Innovation: Unleashing The Power Of Robot Arms And 3d Camera

About the project

Empower learning and explore the future with our user-friendly Robotic Arm and Depth Camera Kit, mastering 3D camera technology.

Project info

Difficulty: Moderate

Platforms: IntelROSElephant Robotics

Estimated time: 1 hour

License: GNU General Public License, version 3 or later (GPL3+)
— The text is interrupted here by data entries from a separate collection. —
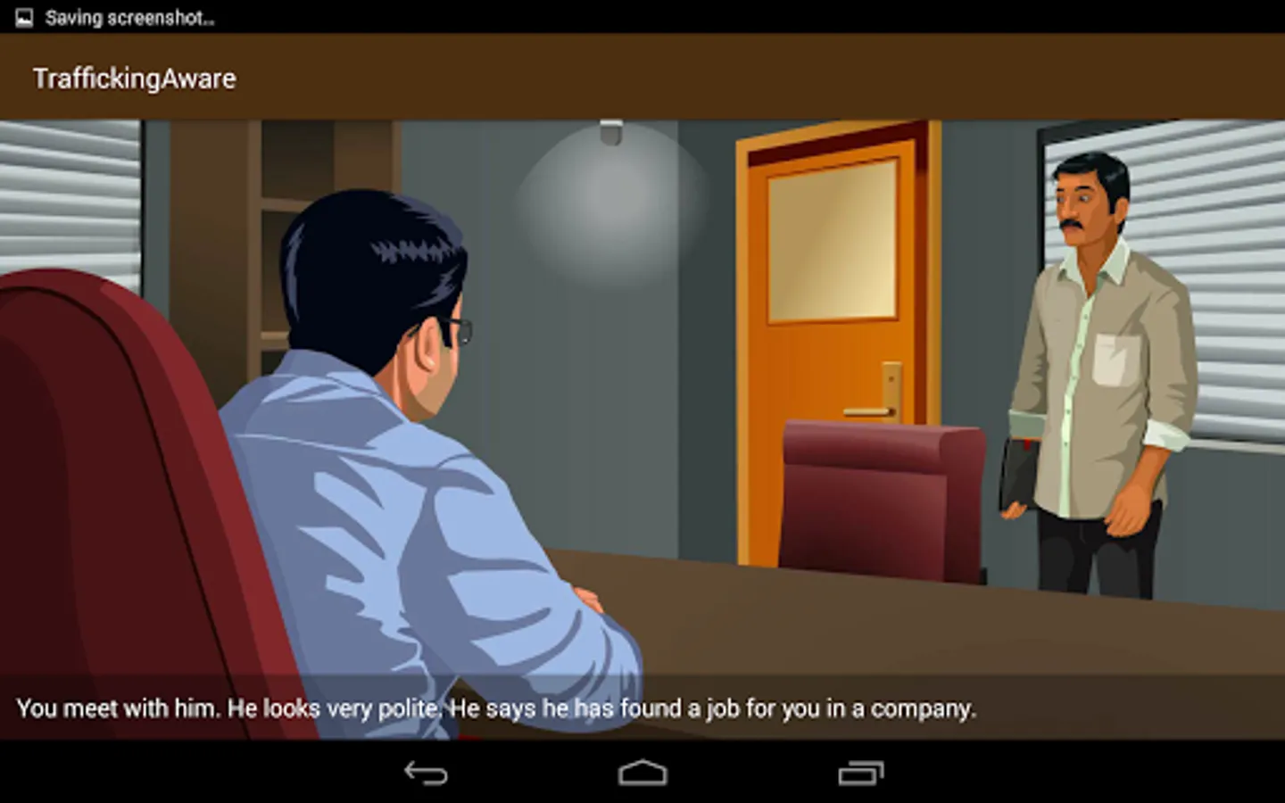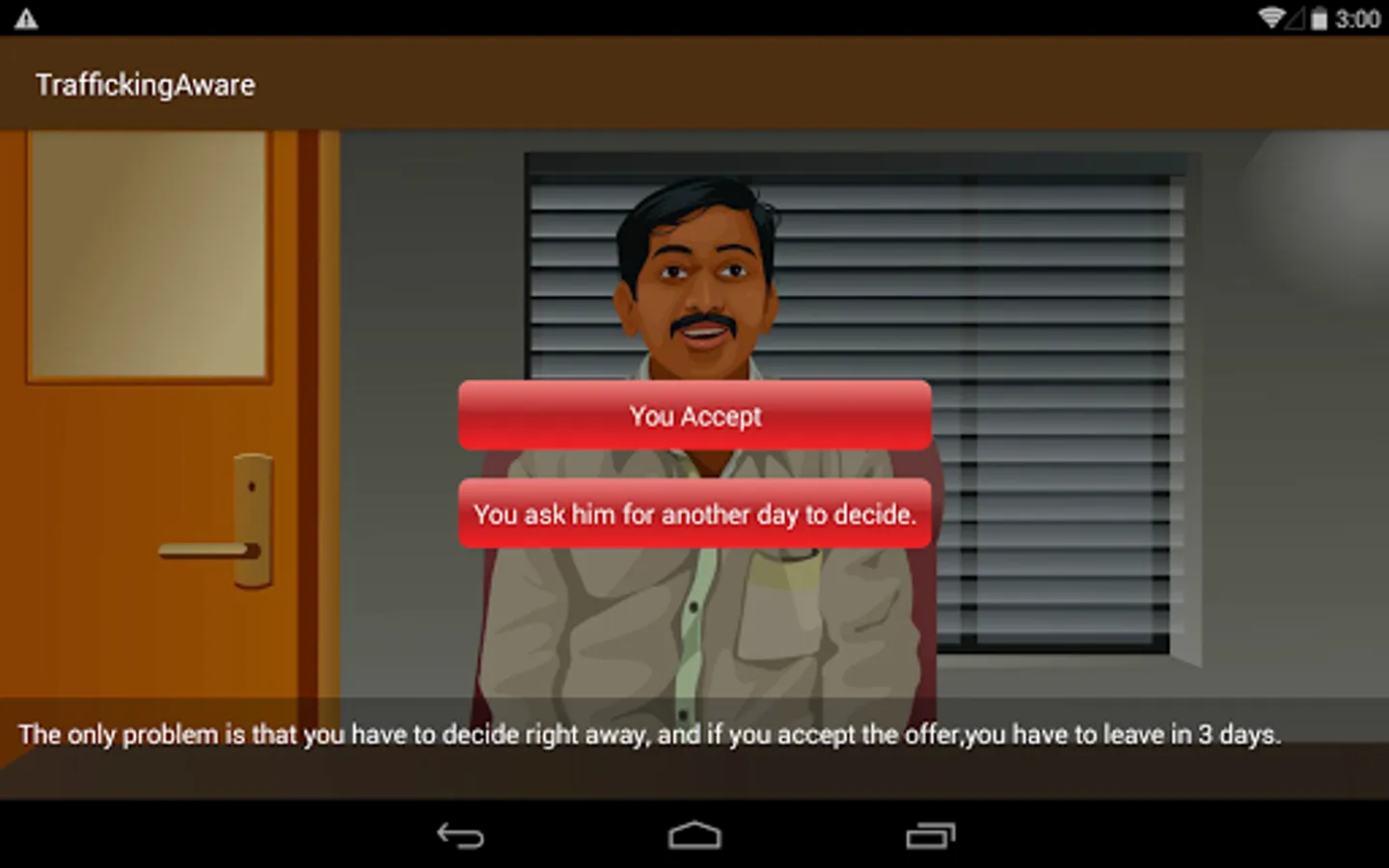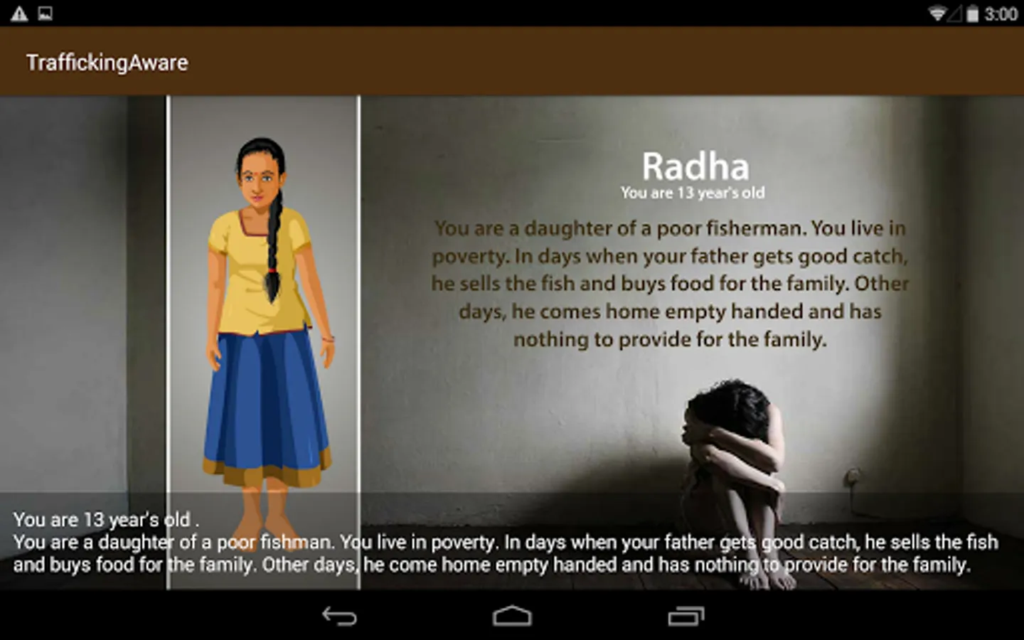 “TraffickingAware” is designed to educate users about the different types of human trafficking and prevention of its crimes. This interactive game acquaints people with the various kinds and stages of trafficking- from recruitment to exploitation to escape. The app presents different scenarios in real life, leading one from recognizing types of trafficking, facing the virtual consequences of one’s choices, and showing how those choices can be avoided. Familiarizing users with potential dangers, the app enables them to recognize similar situations in everyday life and protect themselves and people around them.
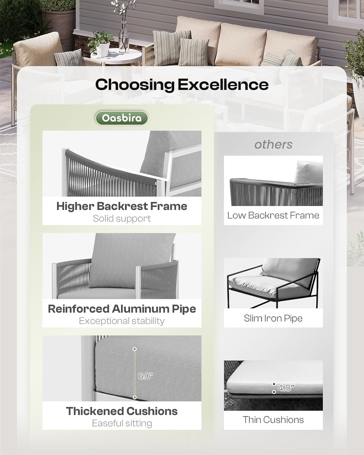 - 【Ultimate Comfort】 The cushions of the Oasbira patio furniture set are filled with honeycomb structure foam, offering exceptional comfort. This outdoor seating furniture features an elevated backrest frame reaching 29.4 inches, providing support that far beyond average patio sets. Each seat is 23.6 inches wide, offering ample space and ensuring ergonomic relaxation.
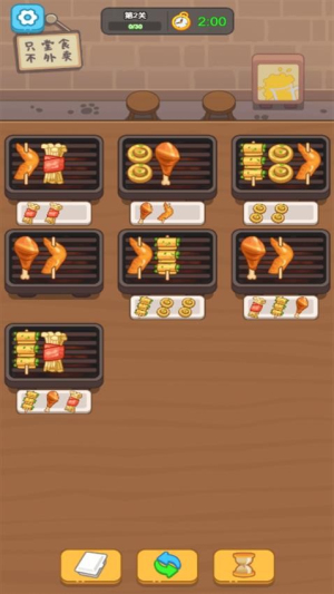 1、开局先观察订单需求,优先烤制要求数量多的食材。这样你的金币就可以用出去跟赚进去了。
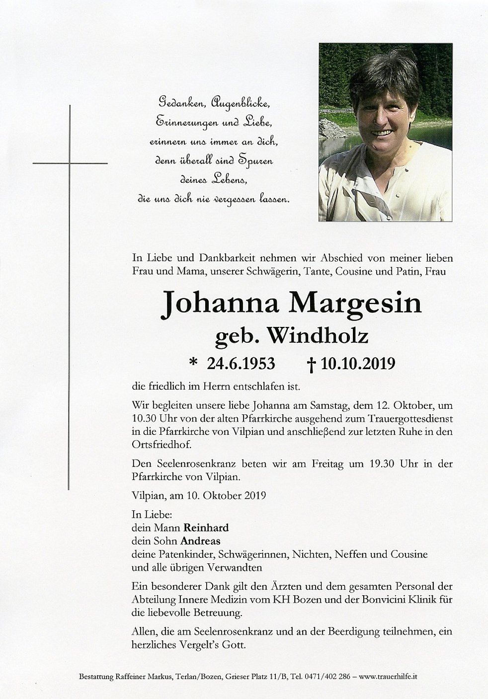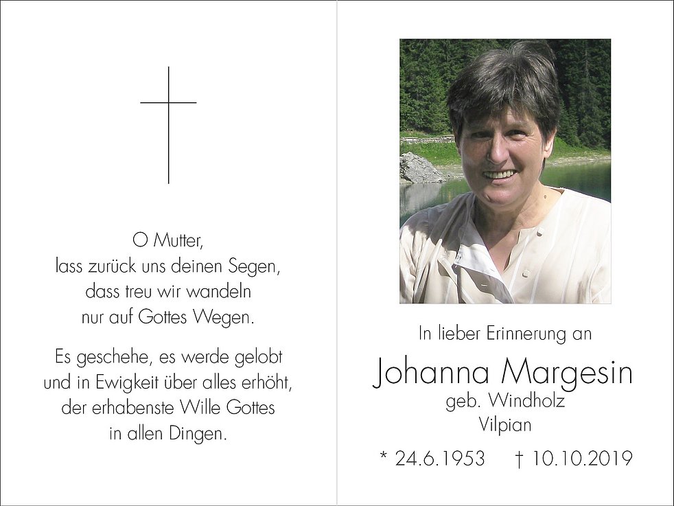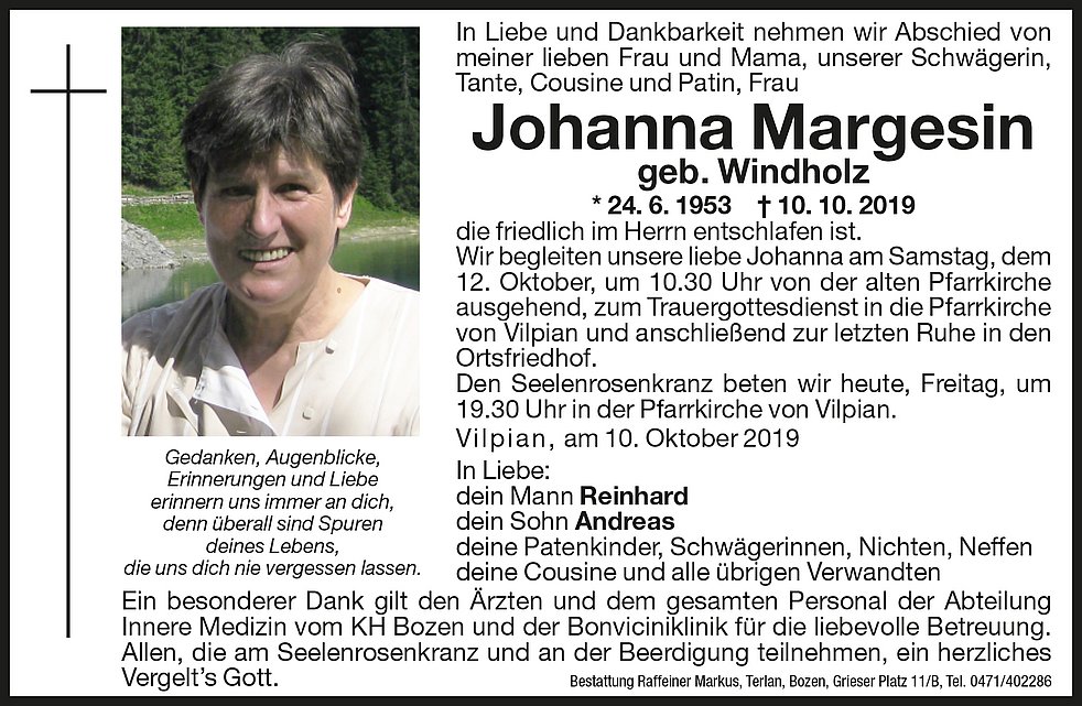 Wir begleiten unsere liebe Johanna am Samstag, dem 12. Oktober, um 10.30 Uhr von der alten Pfarrkirche ausgehend zum Trauergottesdienst in die Pfarrkirche von Vilpian und anschlieβend zur letzten Ruhe in den Ortsfriedhof.
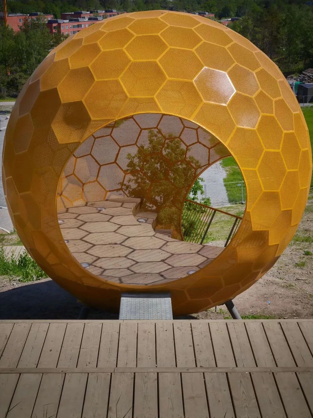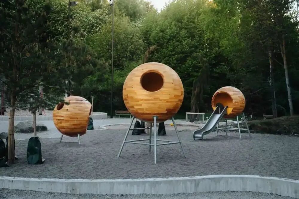 位于斯德哥尔摩的vårbergstoppen公园设有一系列供小朋友们玩耍、攀爬和躲藏的球体游乐设施。
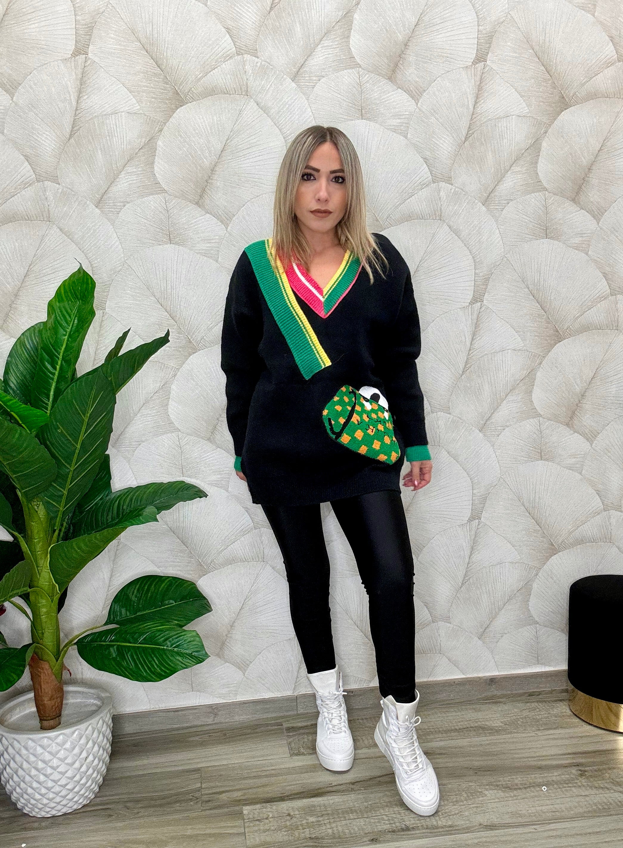 Maxi pull modello oversize in lana, scollo a punta, applicazioni sul davanti, la modella veste tg S ed è alta 165 cm.
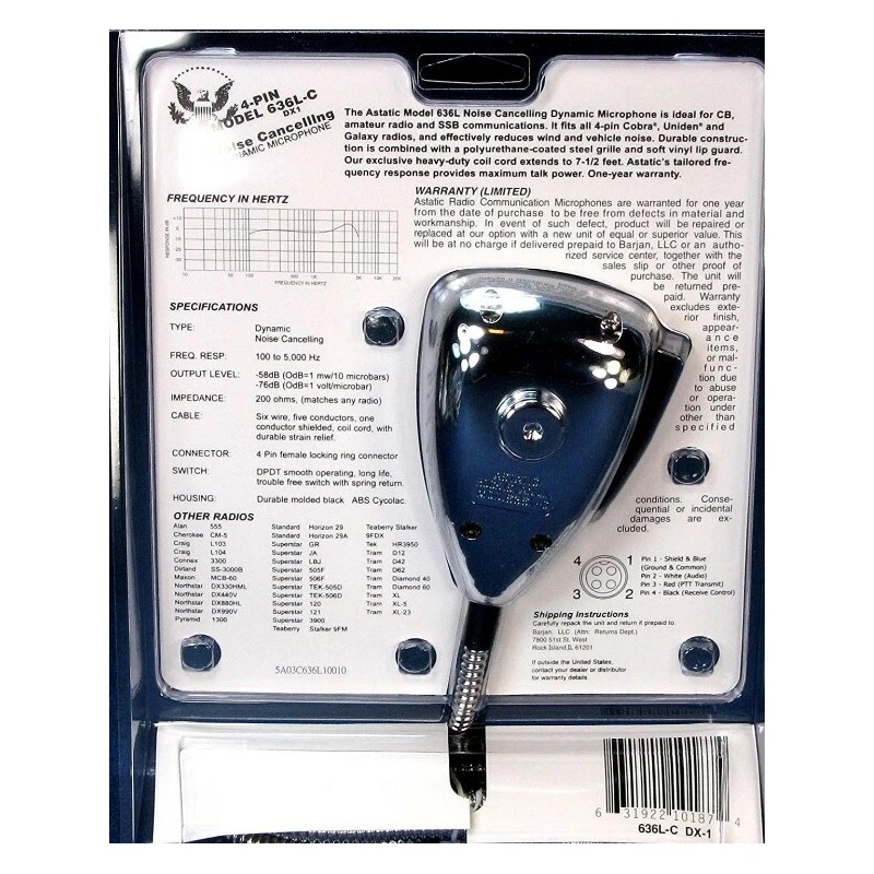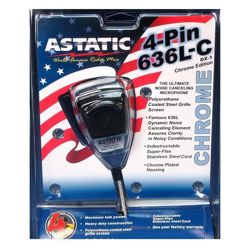 Astatic 636L-C 4 Pin Dynamic Microphone with Chrome Body & Black Grill / Chrome

Items used in this project

Hardware components

Elephant Robotics mechArm 270-M5 Elephant Robotics mechArm 270-M5 x 1
Elephant Robotics myCobot-6 DOF collaborative robot Elephant Robotics myCobot-6 DOF collaborative robot x 1
Intel RealSense Camera Intel RealSense Camera x 1

Software apps and online services

Elephant Robotics Suction Pump Elephant Robotics Suction Pump
Elephant Robotics Artificial Intelligence Kit 2023 Elephant Robotics Artificial Intelligence Kit 2023
ROS Robot Operating System ROS Robot Operating System



Today we mainly understand how 3D cameras are combined with robotic arm applications. We are preparing to launch a new robotic arm kit, the AI Kit 3D. Familiarize yourself with our old users; they should know that our previous AI Kit 2023 kit used a 2D camera. With technological progress, market demand, and the expansion of fields, 2D cameras can no longer meet many scenarios. 3D cameras have also gained popularity in recent years. As we move forward, let's get to know the applications that 3D cameras bring to us.


RealSence-Depth camera

The 3D camera we are discussing today is RealSense, developed by Intel, a type of depth-sensing camera. As seen in the image, this camera has four lenses, including an infrared laser projector, two infrared cameras, and a color camera. These lenses serve specific purposes:

Infrared Laser Projector:

Projects an infrared light point grid into the scene, and these points are captured by the infrared cameras. Because the positions of the projector and cameras are fixed, calculating the offset of the light points in the cameras can infer the distance of each point from the camera, thus obtaining the depth information of the scene.

Infrared Cameras:

Infrared cameras can capture the infrared spectrum. Infrared spectrum is part of the electromagnetic spectrum with wavelengths longer than visible light but shorter than microwaves. The main function of infrared cameras is to image in conditions without visible light illumination, as many objects emit, reflect, or transmit infrared light.

Color Camera:

Typically used to capture the standard visual information of the scene, while other cameras capture additional information, such as depth information or images in low-light conditions. This information can be combined with the images captured by the color camera to provide richer visual data, supporting advanced functions like facial recognition, augmented reality, or 3D modeling.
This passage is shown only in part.